(ORDO NEWS) — Since the start of the Covid-19 pandemic, many experts have stated that there is a risk of an impending wave of mental disorders: they can be caused by stress due to being in isolation or the global economic crisis, or by a paranoid fear of infection. Also, do not forget about possible mental health damage among patients with severe Covid-19. Although scientists note that it is too early to draw conclusions about the possible long-term consequences of an outbreak of coronavirus, humanity can turn to the experience of “related” epidemics: SARS-2002-2003 caused by SARS-CoV coronavirus and the Middle East respiratory syndrome that arose in 2012 due to MERS-CoV.
And a systematic review of scholars from University and Royal Colleges of London, published in The Lancet, offers a first of its kind compilation of data on the psychiatric consequences of coronavirus infections, covering both SARS-CoV and MERS-CoV, and SARS-CoV-2, the causative agent of the current pandemic. The review was conducted on the basis of 72 studies in which a total of about 3.5 thousand patients aged 12 to 68 years from China, Hong Kong, South Korea, Canada, Saudi Arabia, France, Japan, Singapore, the United Kingdom and the United States participated. Studies that limited themselves to neurological complications without specific neuropsychiatric manifestations, and also studied the indirect effect of coronaviruses on the mental health of people who were not infected but maintained self-isolation or quarantine, were excluded from meta-analysis.
The results showed that a quarter of people hospitalized with any of the three types of coronavirus diseases, including Covid-19, were subject to confusion (a pathological condition caused by a violation of mental processes is expressed in disorientation of personality) and delirium. Most likely, scientists say, this was due to a lack of oxygen entering the brain or to a fever, but in some cases it could reflect a direct attack of the virus on the central nervous system.
Almost a third of the participants in the studies examined had depression or anxiety attacks, which tended to become easier after the patient underwent the acute phase of the disease. In general, while in hospitals with SARS or MERS, 42 of 129 patients (within one study) had a depressed state, 44 had memory impairment, and 52 had insomnia. Psychosis was registered in 13 of 1744 patients in the acute stage. After recovery and discharge from medical facilities, 35 out of 280 people were depressed, in another of the studies studied, insomnia – 34, irritability – 28, memory problems – 44, increased fatigue – 61 out of 316. In another study, post-traumatic memories were observed in 55 out of 181 patients with coronavirus infection.

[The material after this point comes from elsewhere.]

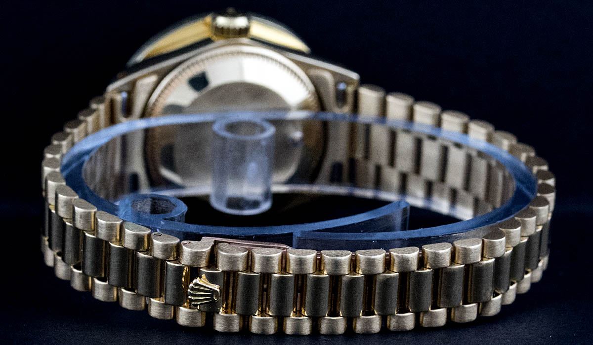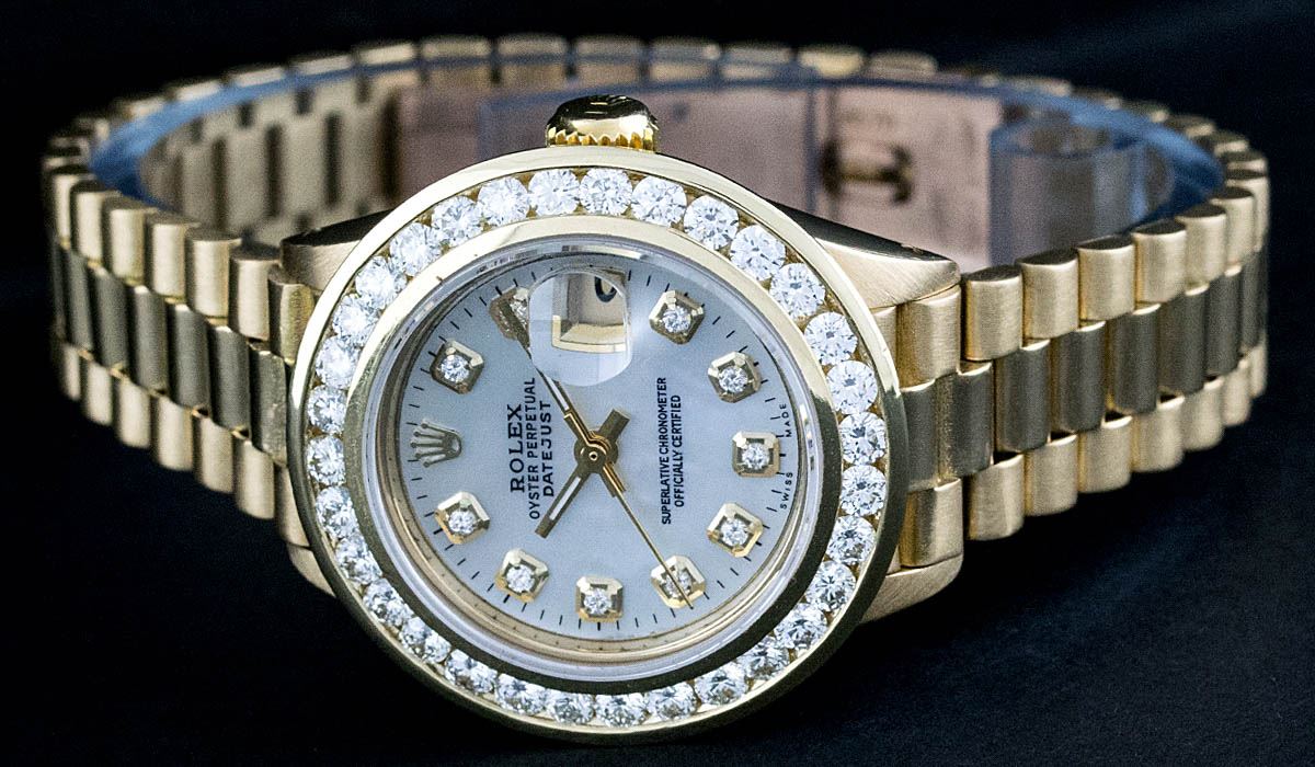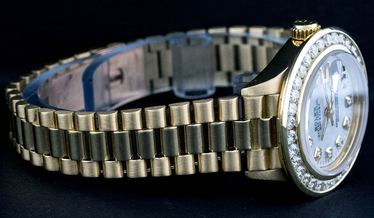 One Ladies 18K Yellow Gold Rolex President Polished, Serviced & Electronically Tested, 18K Yellow Gold Case: 26mm, 18K Yellow Gold Crown, Custom Bezel: 18K Yellow Gold 2ctw Channel Set Diamond Bezel, Diamond Count: 32 Diamonds Total Weight 2.00 Carat, Clarity: SI-VS, Color: G to H. Custom Crystal: Synthetic Sapphire Cyrstal, Cyclops Lens. Movement: Automatic Winding Movement Caliber 2030. Custom Dial: Mother Of Pearl Diamond Dial With Line Track, Diamond Count: 10 Diamonds In Dial, Clarity: SI-VS, Color: G to H. Date Window: 3 O'Clock Position, Model: Datejust President, Condition: G-6 Extra Fine. Bracelet: 18K Yellow Gold President With Hidden Clasp, Bright & Satin Polish. 6.0 Inch Length, Standard President Clasp (Hidden Clasp), With Rolex Logo. Watch Has Been Serviced And Polished It Is Free Of All Scratches And Dents.

A meta-analysis showed that after recovering from post-traumatic stress disorder, which later could not go away for three years, a total of 121 people out of 402 participants in four studies were exposed to depression – 77 out of 517 (out of five other works), anxiety – 42 out of 284 cases have been described in three studies). 446 of the 580 patients whose history was reviewed in six articles returned to work after 35.3 months. A year after recovery, approximately 15% of people complained of fatigue, mood swings and sleep disturbances.
As for the data on patients with Covid-19, scientists discovered delirium (a mental disorder characterized by dizziness, impaired attention, perception, thinking and emotions) in 26 of 40 patients who were in intensive care units, over 40 in 58 of them , altered state of consciousness – in 17 of 82 patients who subsequently died. At discharge, 15 (33%) of the 45 people studied in one work who had had Covid-19 had a dysregulation syndrome.
“If SARS-CoV-2 infection occurs similarly to SARS-CoV or MERS-CoV, most patients should still recover without serious mental illness. However, SARS-CoV-2 can cause delusions in a significant proportion of patients in the acute stage. In addition, clinicians should be aware of the risk of depression, anxiety, fatigue, post-traumatic stress disorder and more rare neuropsychiatric syndromes in the long term, ”conclude the review.
Do not forget that another consequence of epidemics can be suicides. So, during the time of “SARS” in Hong Kong, there was a small wave of suicides among older people: presumably, this was a reflection of local cultural factors, such as the stigma and shame that some patients experienced, who believed that they were responsible for transmitting the infection to their loved ones. In addition, self-isolation and the uncertainty of the future will undoubtedly plunge the desperation of vulnerable people, so charitable and social organizations should focus on monitoring and mitigating the effects of the pandemic.